[Prompt]: Without the pictures, set down every record below exactly as it reads.

[Extracted records]:
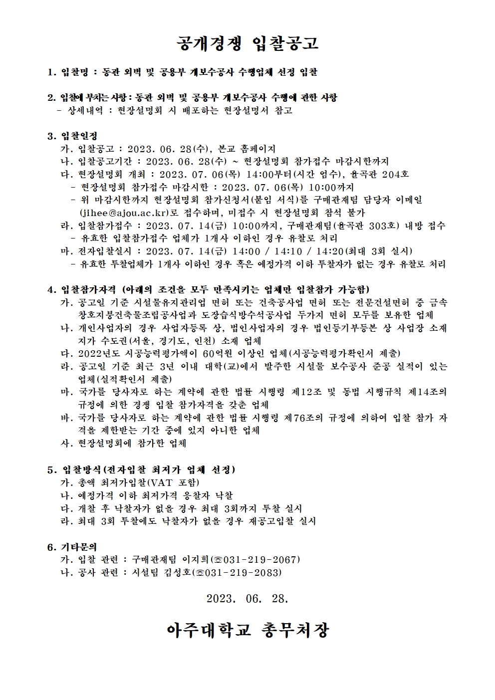 본 페이지에 공고되지 않은 입찰 건(소액입찰 건등)은 상기 '전자구매 바로가기'클릭하여 아주대학교 전자구매시스템 접속, 회원가입 후 입찰공고조회에서 확인바람
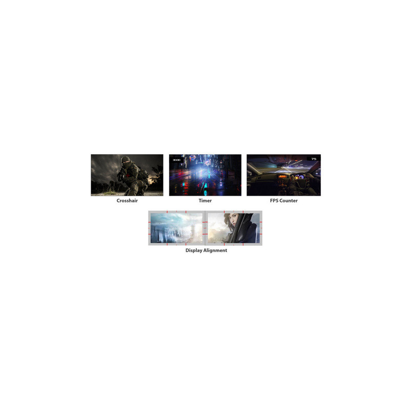 Zaslon ima niz značajki dizajniranih za poboljšanje igranja. Podržava GamePlus (scope, štoperica, FPS counter,...), nudi smanjenje plave svjetlosti i smanjuje treperenje. Stalak vam omogućuje promjenu kuta.
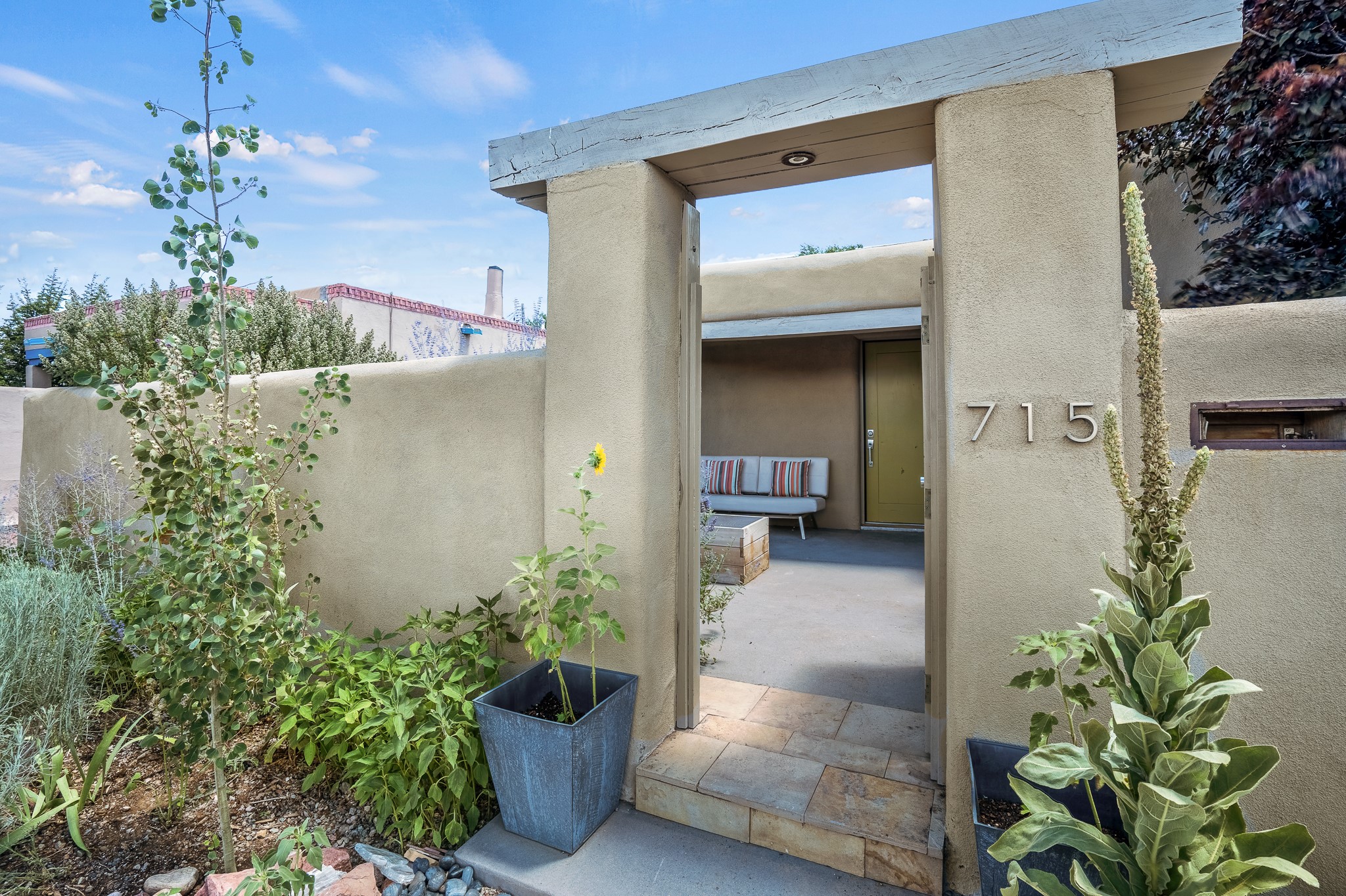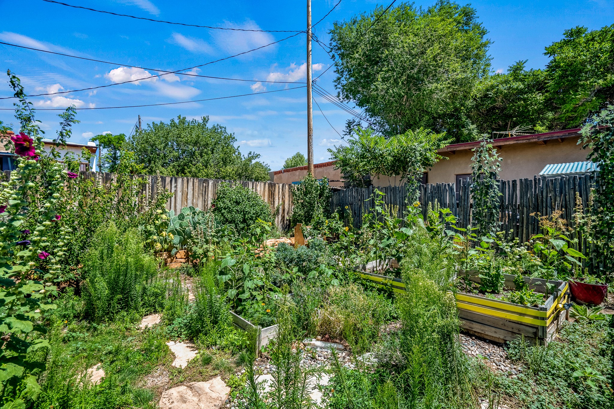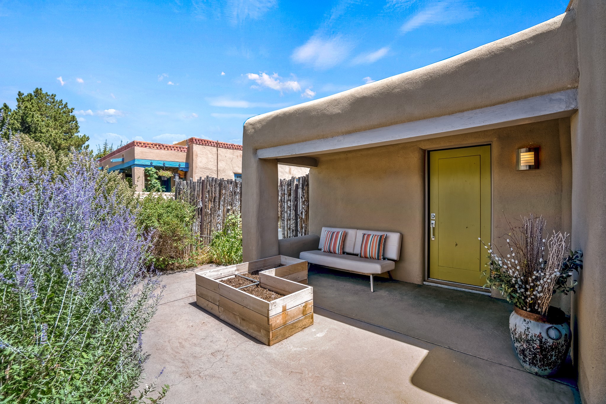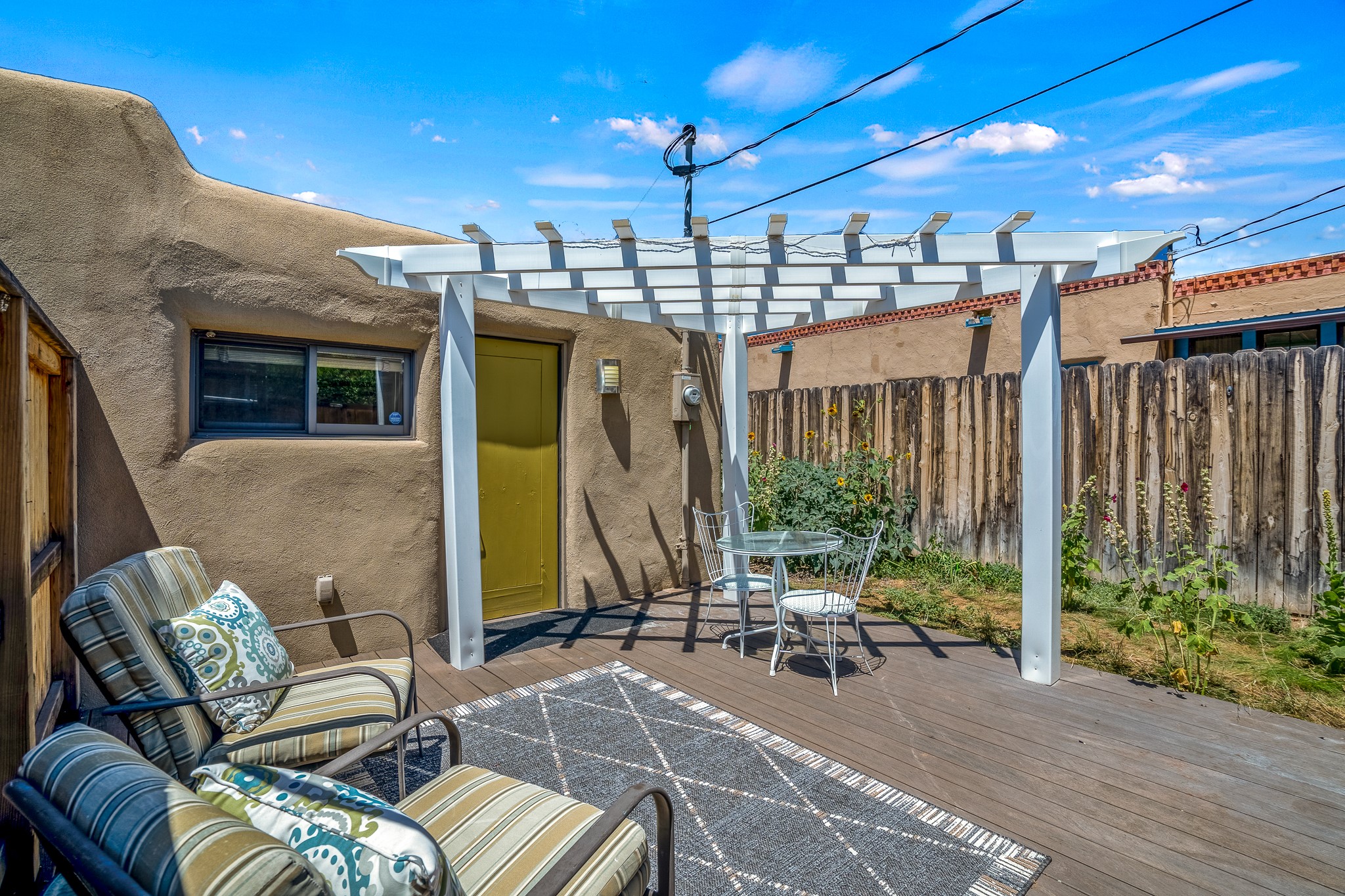 Step into the enchanting private walled courtyard, and the magic unfolds! This adobe casita offers a blend of uniqueness, trendiness, and turnkey convenience, with versatile spaces for living, working, or a live/work setup. The backyard is a gardener's paradise,complemented by a beautiful private outdoor deck, creating even more living area. Situated in the fabulous Railyard location, you'll enjoy a walkable/bikeable lifestyle with easy access to the Farmer's Market, shopping, restaurants, theaters, train, and walking trails. Recent upgrades include the roof and mini-splits for heating and cooling, enhancing the overall comfort of this wonderful home.
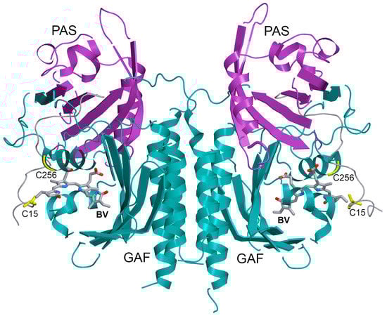 Three-dimensional (3D) structure of the chromophore-binding domain of bacterial phytochrome RpBphP2 (PDB: 4E04 [30]) assembled with its natural ligand, biliverdin IXα (BV). The location of the BV chromophore and cysteine (Cys15)/C256 is shown in sticks. PAS and GAF domains are marked in purple and cyan, respectively. The N-terminal extension of PAS domain is indicated in gray. The drawing was made using the graphic software VMD [31] and Raster3D [32].
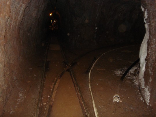 We werden na 1,5 km afgezet op een stationnetje ergens in de mijn |
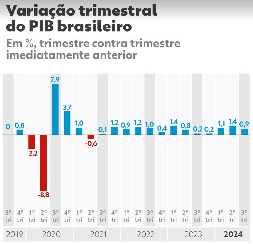 Em 2024, a economia brasileira experimentou um crescimento notável, destacando-se no contexto global. De acordo com o Fundo Monetário Internacional (FMI), o Produto Interno Bruto (PIB) do Brasil registrou um aumento de 0,9% no primeiro trimestre do ano, reforçando sua posição na hierarquia das maiores economias mundiais.
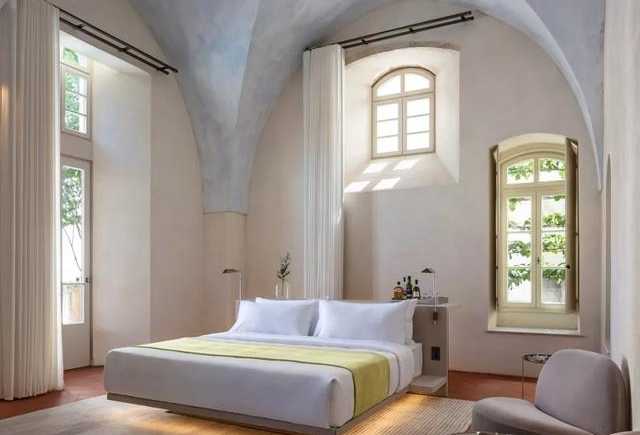 這家酒店是由修道院和醫院改造而來,設計師John Pawson在翻新的同時保留了原始建筑中極具特色的傳統元素,并融入了阿拉伯和新羅馬式的建筑風格。整體軟裝融合了多種色彩,家具的使用也與建筑內的色調相匹配,明暗之間無縫過渡,各個細節的點綴也很恰到好處。
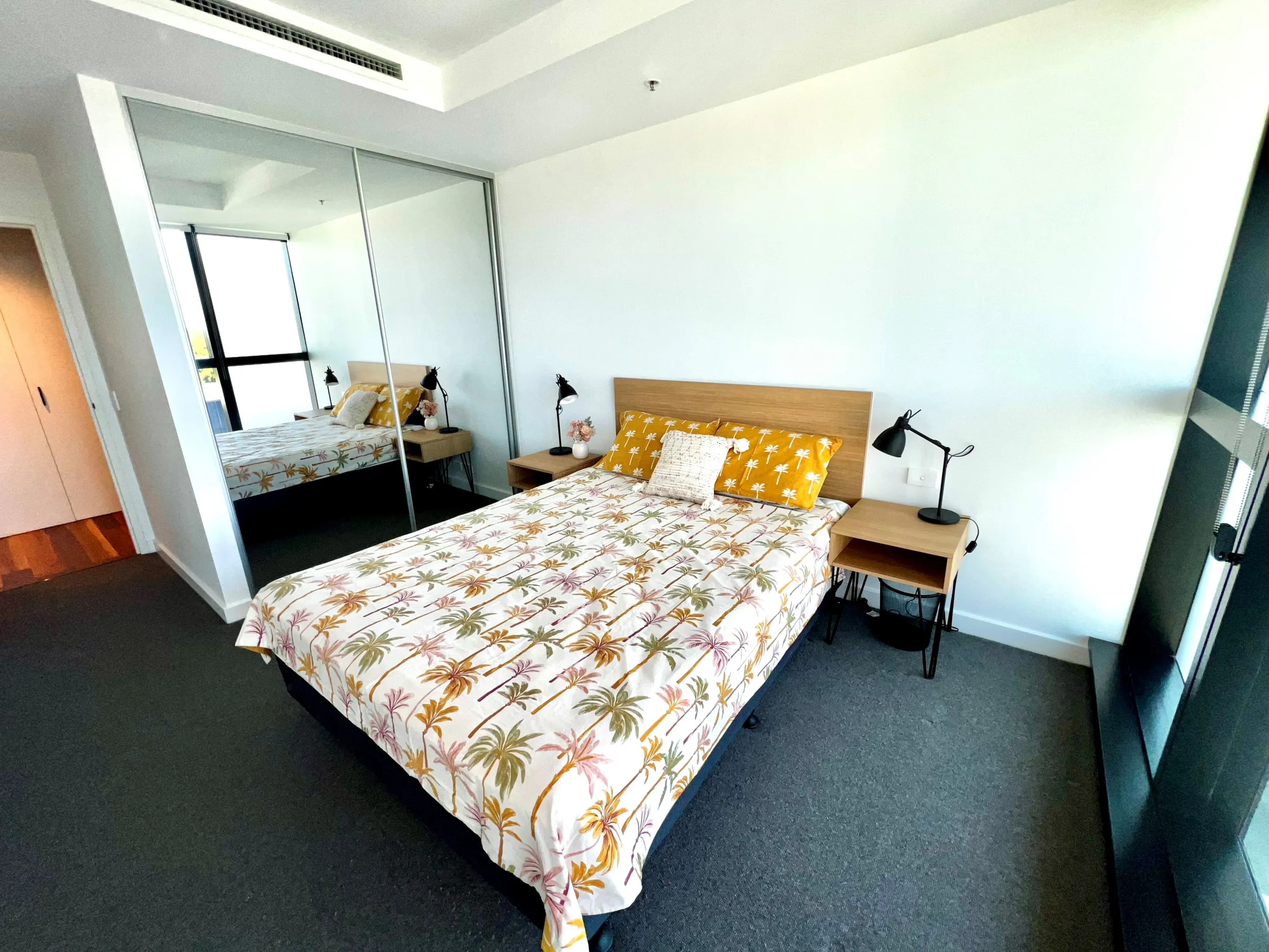 1 Bedroom Apartment complete with full sized kitchen - stove top, oven, microwave, full sized fridge and dishwasher. Open plan living room with dining table, couch, desk, TV and chair. Separated and private bedroom, with ensuite bathroom attachment, queen size bed and wardrobe. Balcony with outdoor setting included. Laundry equipment within apartment.
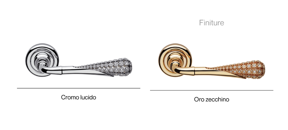 Each Feeling Linea Calì handle is born from the encounter between elegant design and precision craftsmanship, with a handle embellished with original Swarovski® crystals, individually hand-set. The result is an object that captures the light, transforming the act of opening a door into a refined and spectacular experience.
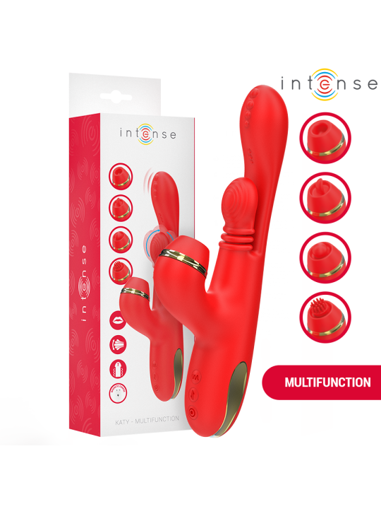 INTENSE - KATY MULTIFUNCTION CLITORIS STIMULATOR 4 INTERCHANGEABLE HEADS RED
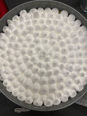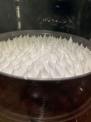 Das ganze nun 50 Minuten bei 150 Grad Umluft backen. Sehe ich der Baiser wird bräunlich, schalte ich nochmals herunter und verlängere das backen um 5 Minuten
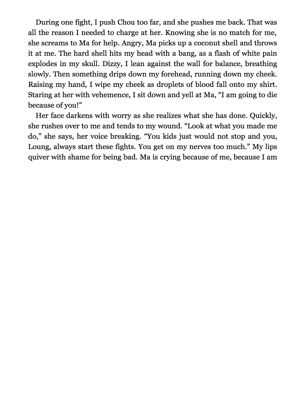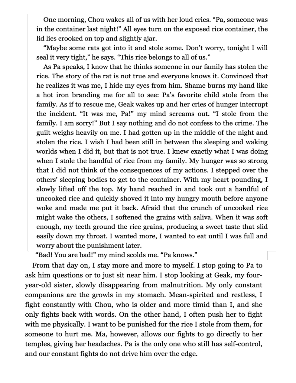 Directions: Think about Loung's guilt after she steals a handful of rice. Can you recall a time you felt guilty for or about something as a child? Include the following in your answer:
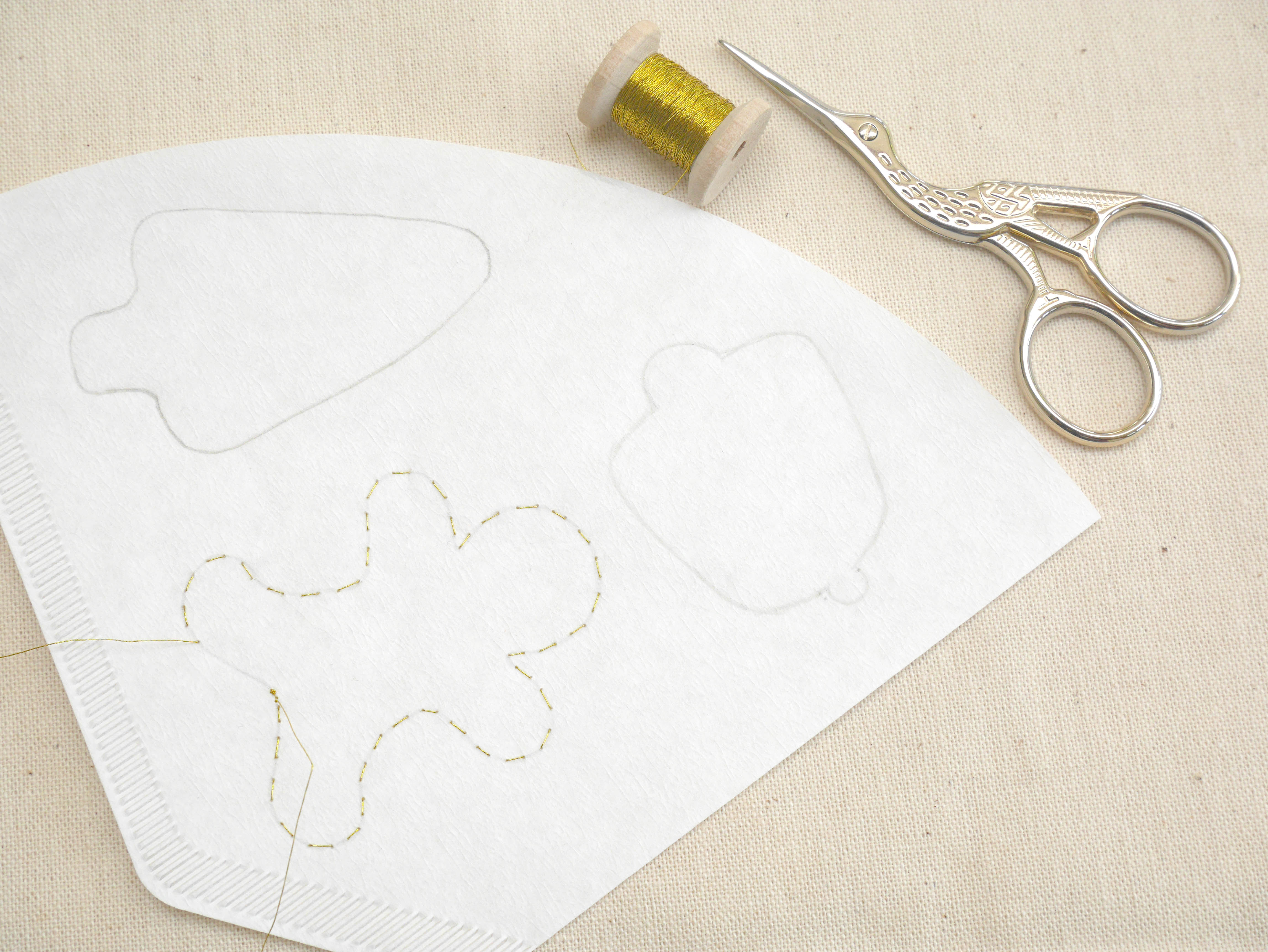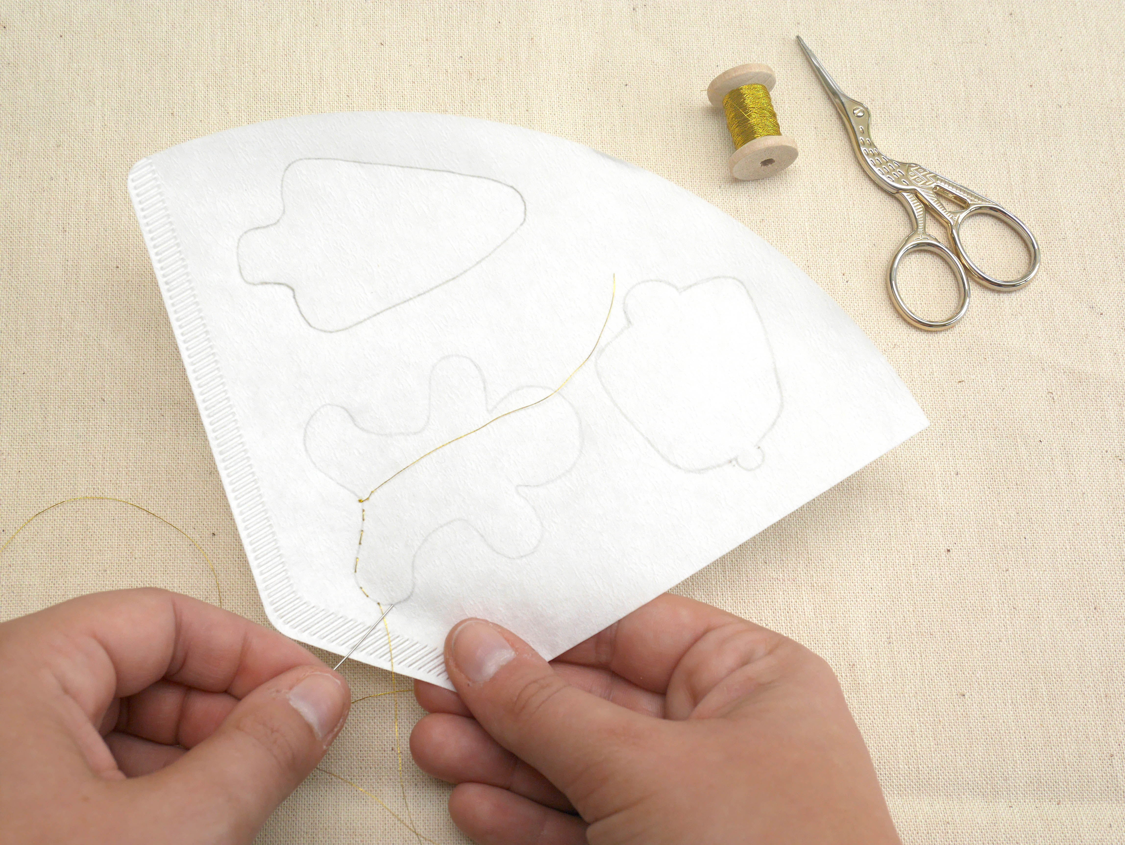 - Cousez ensuite tout autour de votre forme à l’aide de votre aiguille et du fil doré.

[Answer to this problem]:
 본 페이지에 공고되지 않은 입찰 건(소액입찰 건등)은 상기 '전자구매 바로가기'클릭하여 아주대학교 전자구매시스템 접속, 회원가입 후 입찰공고조회에서 확인바람
 Zaslon ima niz značajki dizajniranih za poboljšanje igranja. Podržava GamePlus (scope, štoperica, FPS counter,...), nudi smanjenje plave svjetlosti i smanjuje treperenje. Stalak vam omogućuje promjenu kuta.
 Step into the enchanting private walled courtyard, and the magic unfolds! This adobe casita offers a blend of uniqueness, trendiness, and turnkey convenience, with versatile spaces for living, working, or a live/work setup. The backyard is a gardener's paradise,complemented by a beautiful private outdoor deck, creating even more living area. Situated in the fabulous Railyard location, you'll enjoy a walkable/bikeable lifestyle with easy access to the Farmer's Market, shopping, restaurants, theaters, train, and walking trails. Recent upgrades include the roof and mini-splits for heating and cooling, enhancing the overall comfort of this wonderful home.
 Three-dimensional (3D) structure of the chromophore-binding domain of bacterial phytochrome RpBphP2 (PDB: 4E04 [30]) assembled with its natural ligand, biliverdin IXα (BV). The location of the BV chromophore and cysteine (Cys15)/C256 is shown in sticks. PAS and GAF domains are marked in purple and cyan, respectively. The N-terminal extension of PAS domain is indicated in gray. The drawing was made using the graphic software VMD [31] and Raster3D [32].
 We werden na 1,5 km afgezet op een stationnetje ergens in de mijn |
 Em 2024, a economia brasileira experimentou um crescimento notável, destacando-se no contexto global. De acordo com o Fundo Monetário Internacional (FMI), o Produto Interno Bruto (PIB) do Brasil registrou um aumento de 0,9% no primeiro trimestre do ano, reforçando sua posição na hierarquia das maiores economias mundiais.
 這家酒店是由修道院和醫院改造而來,設計師John Pawson在翻新的同時保留了原始建筑中極具特色的傳統元素,并融入了阿拉伯和新羅馬式的建筑風格。整體軟裝融合了多種色彩,家具的使用也與建筑內的色調相匹配,明暗之間無縫過渡,各個細節的點綴也很恰到好處。
 1 Bedroom Apartment complete with full sized kitchen - stove top, oven, microwave, full sized fridge and dishwasher. Open plan living room with dining table, couch, desk, TV and chair. Separated and private bedroom, with ensuite bathroom attachment, queen size bed and wardrobe. Balcony with outdoor setting included. Laundry equipment within apartment.
 Each Feeling Linea Calì handle is born from the encounter between elegant design and precision craftsmanship, with a handle embellished with original Swarovski® crystals, individually hand-set. The result is an object that captures the light, transforming the act of opening a door into a refined and spectacular experience.
 INTENSE - KATY MULTIFUNCTION CLITORIS STIMULATOR 4 INTERCHANGEABLE HEADS RED
 Das ganze nun 50 Minuten bei 150 Grad Umluft backen. Sehe ich der Baiser wird bräunlich, schalte ich nochmals herunter und verlängere das backen um 5 Minuten
 Directions: Think about Loung's guilt after she steals a handful of rice. Can you recall a time you felt guilty for or about something as a child? Include the following in your answer:
 - Cousez ensuite tout autour de votre forme à l’aide de votre aiguille et du fil doré.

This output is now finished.